Alors que les médias révèlent chaque jour de nouveaux éléments dans l’affaire Crypto, les partis bourgeois ont appelé ce week-end à la retenue. Il faut d’abord attendre les conclusions des enquêtes en cours avant d’aller plus loin.
«Nous ne vivons pas de crise étatique pour le moment», a indiqué samedi la présidente du groupe parlementaire des vert’libéraux Tiana Angelina Moser sur les ondes de la radio alémanique SRF. Les institutions suisses fonctionnent. Elles doivent maintenant faire en sorte que l’affaire soit examinée en détail.
«Expédier le dossier serait une faute», a poursuivi la Zurichoise. Les commissions de gestion du Parlement sont déjà en train d’enquêter sur le sujet. Mme Moser dit leur faire confiance.

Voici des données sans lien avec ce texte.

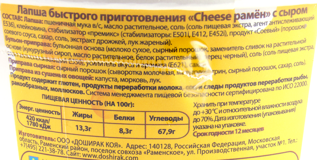 У сырной приправы нет аналога. Сыр придает продукту изысканный вкус и подчеркивает мягкость блюда. Не острое блюдо. Приправа сырная: сырный порошок, ароматизатор «сыр». Приправа из сушеных овощей: капуста, морковь, лук. Продукт содержит глютен, продукты переработки молока, лактозу, сою и продукты ее переработки. Продукт может содержать следы продуктов переработки рыбы.
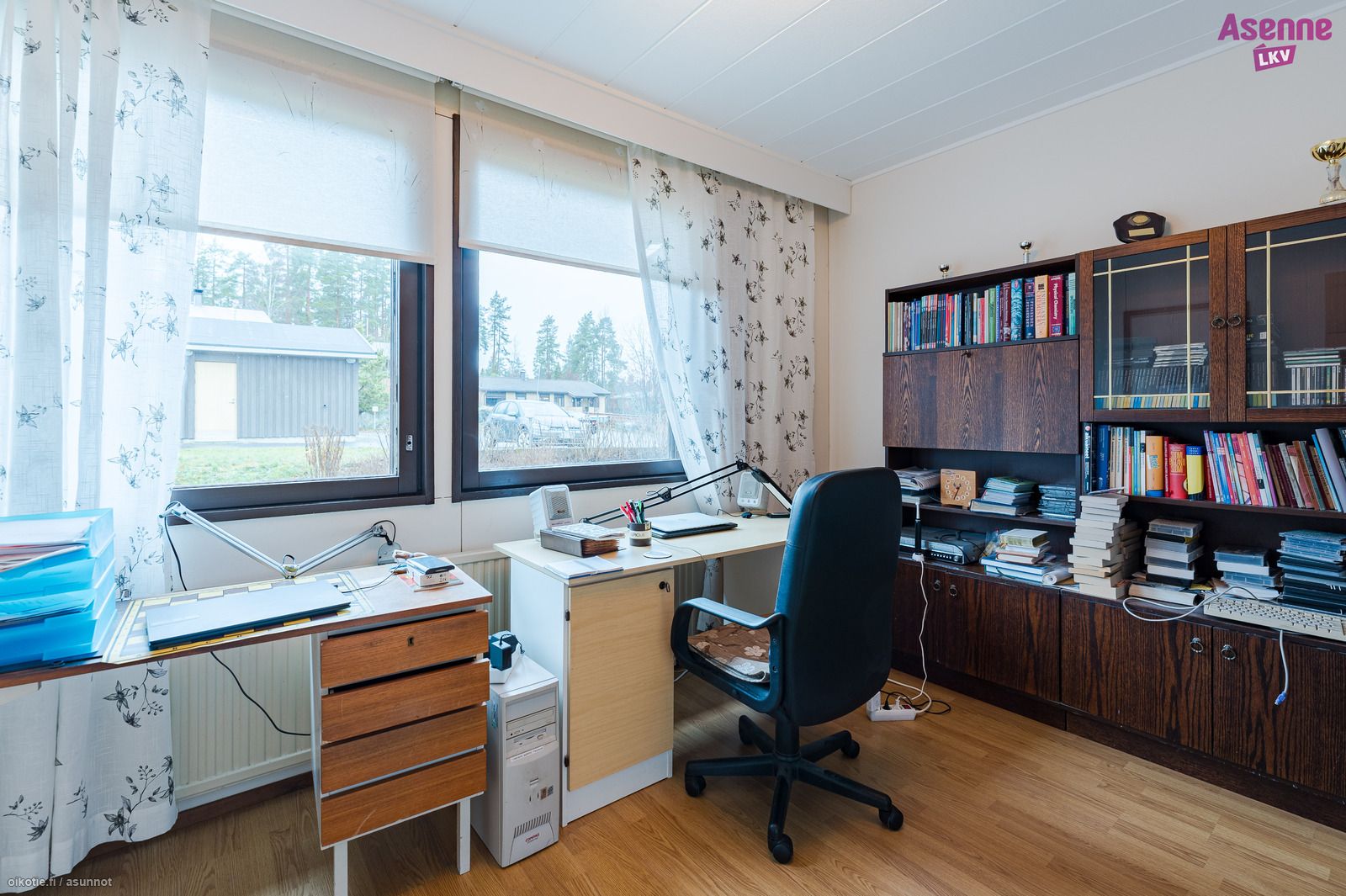 - Tuulikaappi: Muovimattolattia, kiinteät kaapit, patteri. Eteisaula: Parkettilattia. Yläkerran aula: Parkettilattia. Vaatehuone.
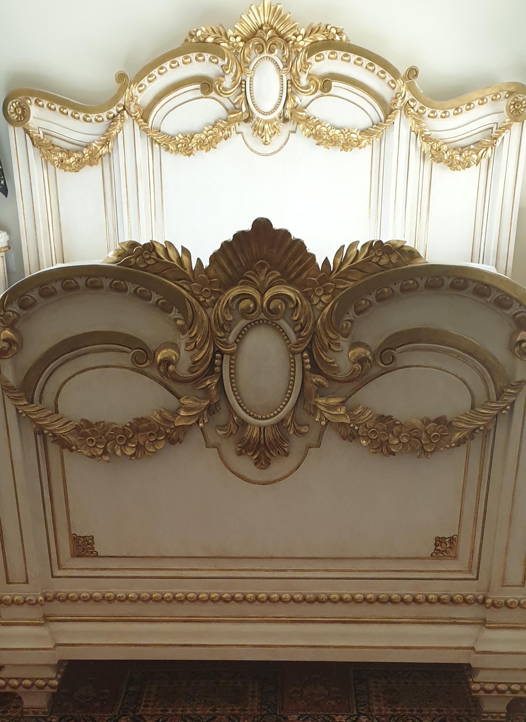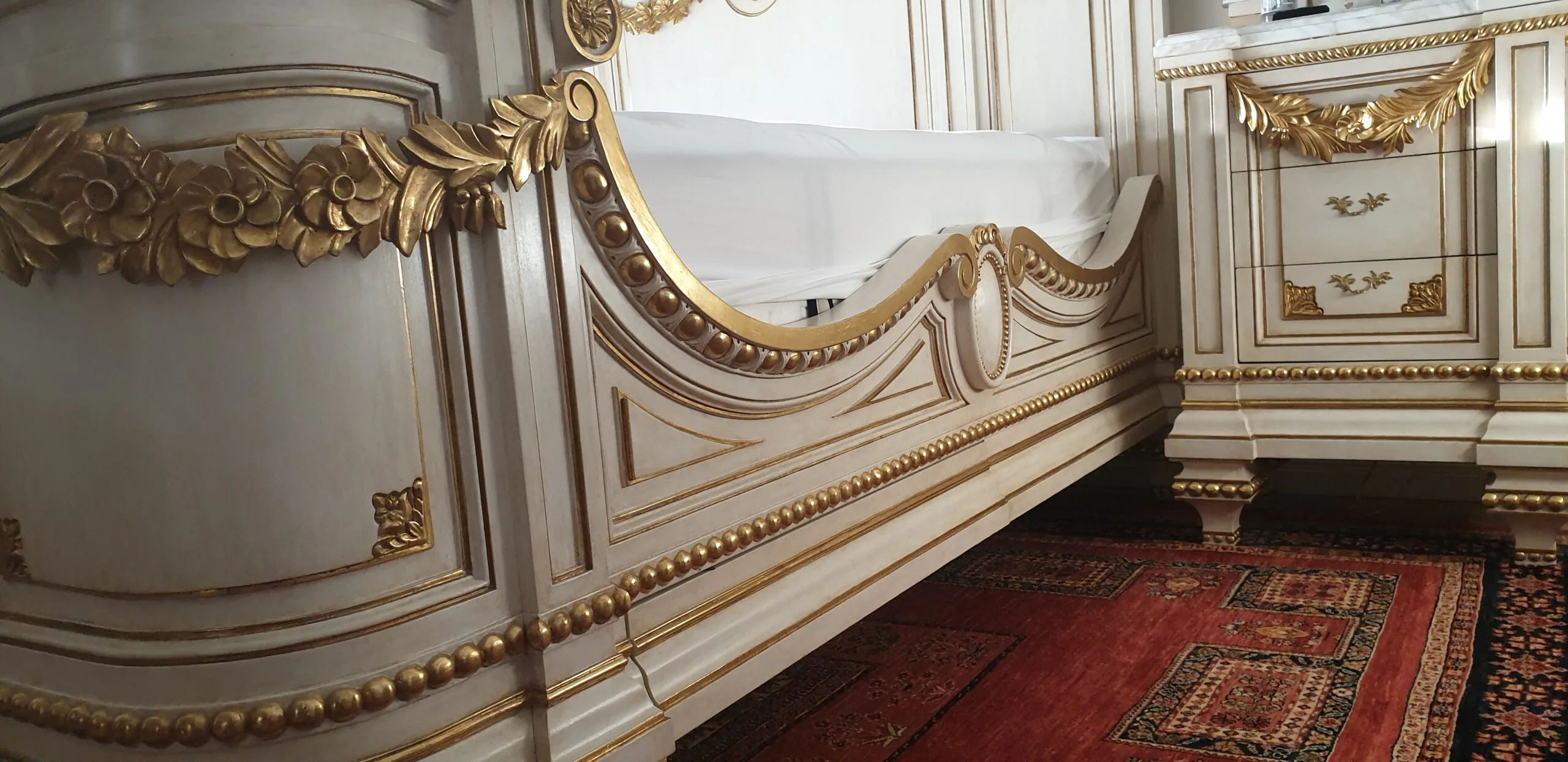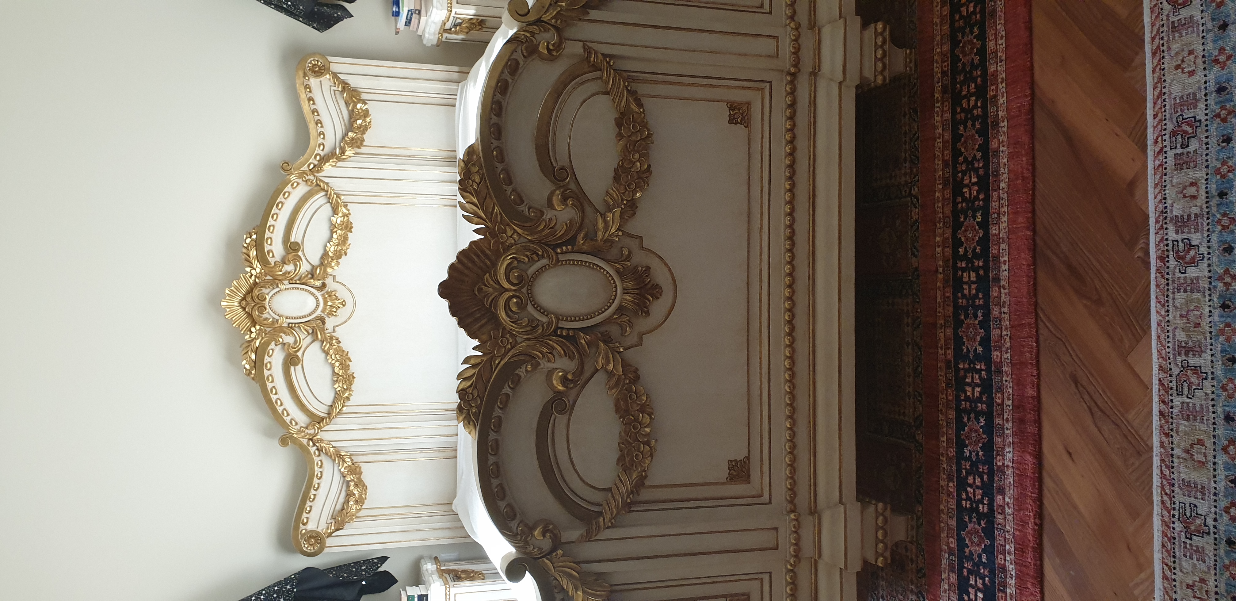 * Lóżko malżenskie ( king size) z rzeźbiona konstrukcją i złotymi detalami

Même son de cloche du côté du PDC. Il ne faut pas brûler les étapes, a affirmé son président Gerhard Pfister (ZG) à Forum sur la RTS. Il sera assez tôt, une fois les enquêtes du gouvernement et des commissions de gestion bouclées, de discuter de la nécessité de créer une Commission d’enquête parlementaire (CEP), l’instrument le plus fort du Parlement, comme le réclame le PS.
Pas de «clan PLR»
Le PLR n’est pas non plus contre la mise sur pied une CEP. Mais il faut d’abord attendre les conclusions des commissions de gestion, a également indiqué dimanche le chef de la communication du parti Martin Stucki à Keystone-ATS.
Réagissant aux nouvelles révélations de la presse ce week-end, il a réfuté l’existence d’un «clan PLR». Trois départements au minimum sont concernés sur cinquante ans, à savoir ceux de la défense, de justice et police ainsi que des affaires étrangères. Bien d’autres personnes ont été impliquées, a-t-il avancé.
De nombreux journaux se sont concentrés ce week-end sur le rôle de plusieurs membres du PLR dans cette affaire d’espionnage. Les ex-parlementaires zougois Georg Stucky ou encore Rolf Schweiger sont notamment sous les feux des projecteurs. Selon les médias, ils étaient inévitablement au courant de l’identité des véritables propriétaires de l’entreprise de par leur fonction au conseil d’administration de Crypto.
Villiger dément toute connaissance
Mais c’est surtout le rôle de l’ex-ministre de la défense Kaspar Villiger qui interpelle. Selon les titres du groupe Tamedia, une note confidentielle interne au Conseil fédéral l’impliquerait. Il s’agirait d’un document de prise de position signé par Viola Amherd et envoyé à ses collègues du gouvernement le 17 décembre 2019.
L’actuelle cheffe du Département de la défense (DDPS) y relaterait une discussion avec le directeur du Service de renseignement de la Confédération. Jean-Philippe Gaudin lui aurait indiqué avoir trouvé des documents d’archives indiquant que Kaspar Villiger «était informé». Aucun détail sur la nature et le contenu des éléments découverts n’est cependant donné.
Le DDPS ne fait aucun commentaire sur la fuite de documents confidentiels. Quant à l’ancien conseiller fédéral, il a réitéré son ignorance des faits dans une prise de position transmise samedi à Keystone-ATS. «Je n’étais au courant ni de l’opération, ni du rôle de la CIA ou celui du service de renseignement allemand (BND), ni des manipulations de Crypto AG. Aurais-je reçu ces informations, je ne les aurais pas cachées. J’aurais averti le Conseil fédéral.»
L’ex-juge Oberholzer planche sur l’affaire
Tout ce qu’il sait de l’affaire Crypto, il le sait grâce à l’émission Rundschau de la télévision alémanique, a encore insisté le Lucernois. Cette dernière a révélé que la CIA et le BND auraient, durant des dizaines d’années, intercepté des milliers de documents de plus de 100 pays via les appareils de chiffrement de l’entreprise zougoise Crypto.
Le Conseil fédéral a ouvert une enquête mi-janvier pour faire la lumière sur cette affaire et l’a confié à Niklaus Oberholzer. L’ancien juge fédéral a indiqué dimanche au Matin Dimanche et à la SonntagsZeitung avoir déjà commencé le travail et avoir libre accès aux documents d’archives secrets.
«La situation est bien meilleure aujourd’hui» que dans les années 90, a commenté M. Oberholzer. La police fédérale avait alors déjà enquêté sans succès sur l’entreprise. L’ancien juge a toutefois précisé que sa mission ne consiste qu’à «reconstituer soigneusement les faits». L’évaluation de ceux-ci sera faite par le gouvernement ou le Parlement.